Lakshmi Rhone wrote:
> Regarding the purpose of accumulation Marx tells us that the aim of the
> entire process ‘does not by any means exclude increasing consumption on the
> part of the capitalist as his surplus value ... increases; on the contrary,
> it emphatically includes it’ (1956, p. 70). Marx also writes: "we find that
> certain exponents of the mercantile system ... deliver lengthy sermons to
> the effect that the individual capitalist should consume only as much as the
> labourer, that the nation of capitalists should leave the consumption of
> their own commodities, and the consumption process in general, to the other,
> less intelligent nations. (Marx, 1956, p. 60) The quotes are from Capital
> vol II
>
> Capitalists could consume surplus value, but then their consumption fund
> would be extinguished.  Only  by renovating enterprise through the
> capitalization of surplus value and accumulation of capital, can the
> capitalists hope to enjoy an infinite series of sums for their own
> consumption.
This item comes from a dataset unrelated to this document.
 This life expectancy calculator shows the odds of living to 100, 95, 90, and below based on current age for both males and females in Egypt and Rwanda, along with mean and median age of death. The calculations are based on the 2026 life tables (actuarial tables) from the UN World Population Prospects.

In this way the capitalists both personify capital and indulge
> themselves. And that is how what you think is a contradiction is resolved.
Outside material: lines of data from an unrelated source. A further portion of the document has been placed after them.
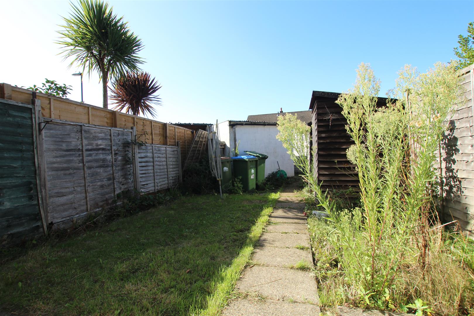 The rear garden is enclosed by timber panel fencing with a path leading down the centre, area of lawn to one side.
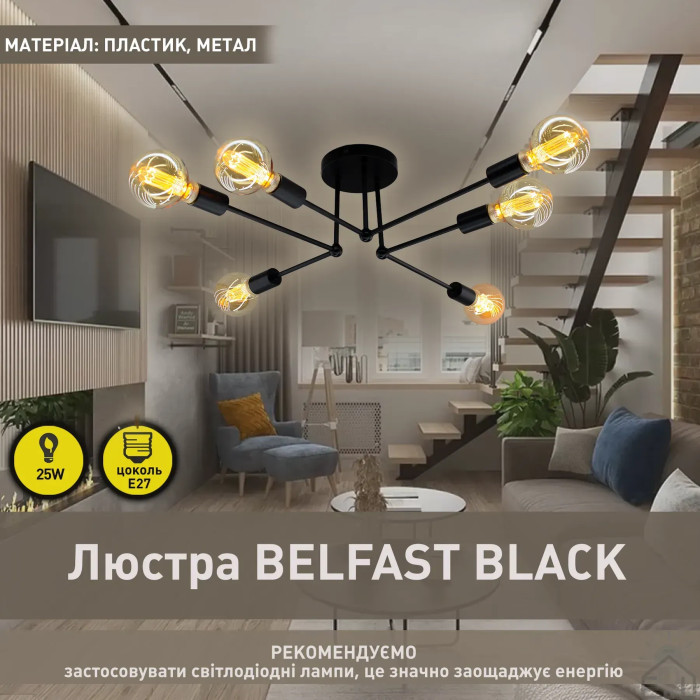 Люстра BELFAST R 740x190 мм на 6 ламп E27 10466 ESLLSE
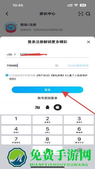 3、在登录页面,输入登录的手机号并获取验证码。
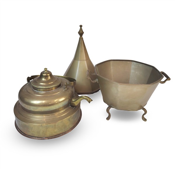 Lotto composto da una grande teiera in rame ottonato (cm 44x29) e un braciere marocchino biansato in metallo a sezione ottagonale (cm 47x70) (difetti)
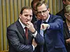 Den svenske næringsministeren Mikael Damberg (til høyre), måtte stoppe forslaget om kvinnekvotering til selskapsstyrene. Her sammen med statsminister Stefan Löfven.

> Note again the accumulation process emphatically includes not only
> capitalist consumption but--as long as it is proceeding well--increasing
> sums for capitalist consumption.
> It is wholly misleading to characterize capitalists as ascetic social
> servants. Weber took some lines in Marx to create a whole theory of the
> worldly asceticism of the bourgeoisie. But this is a mischaracterization
> .... At any rate,
> capitalists do not sit idly by once the accumulation process begins eating
> into the size of their sums for capitalist consumption, and historically
> they have reduced accumulation to maintain their consumption.
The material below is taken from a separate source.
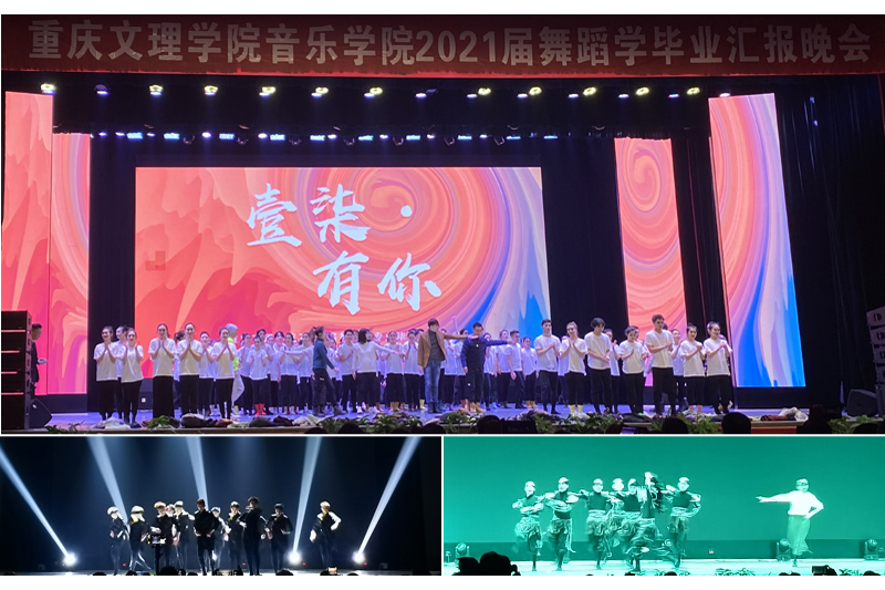12月23日晚,开元音乐学院“壹柒·有你”2021届舞蹈学毕业汇报晚会在星湖校区活动中心四楼举行。学校副校长金盛,纪委书记罗茂,副校长李天福,永川舞蹈家协会主席缪培毅、永川区文化馆馆长肖莉、部分校企合作单位领导,音乐学院全体教职工等800余名观众观看了演出。
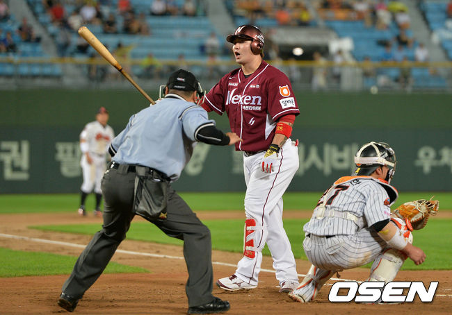 8회초 1사에서 넥센 박병호가 삼진으로 물러나고 있다.

besides Weber, who thinks that Marx ignores capitalist consumption or
assumes it away? In volume I, chapter 24, section 3, he discusses this
issue. To some degree, the rate of accumulation (or the ratio of
accumulation to surplus-value) is a subjective decision. Capitalists
face a "Faustian conflict between the passion of accumulation, and the
desire for enjoyment." (NC stories of saving being a voluntary matter
apply best to those with social power.) He sees "accumulate,
accumulate!" as the "Moses and the prophets" to the capitalists, but
points to the way that capitalists often violate their own moral
principles.

By the way, we should reject the myth that for Marx, workers never
save. The assumption that workers have a zero MPC only works as a
first approximation, since Marx refers to them having savings.
-- 
Jim Devine / If you're going to support the lesser of two evils, you
should at least know the nature of that evil.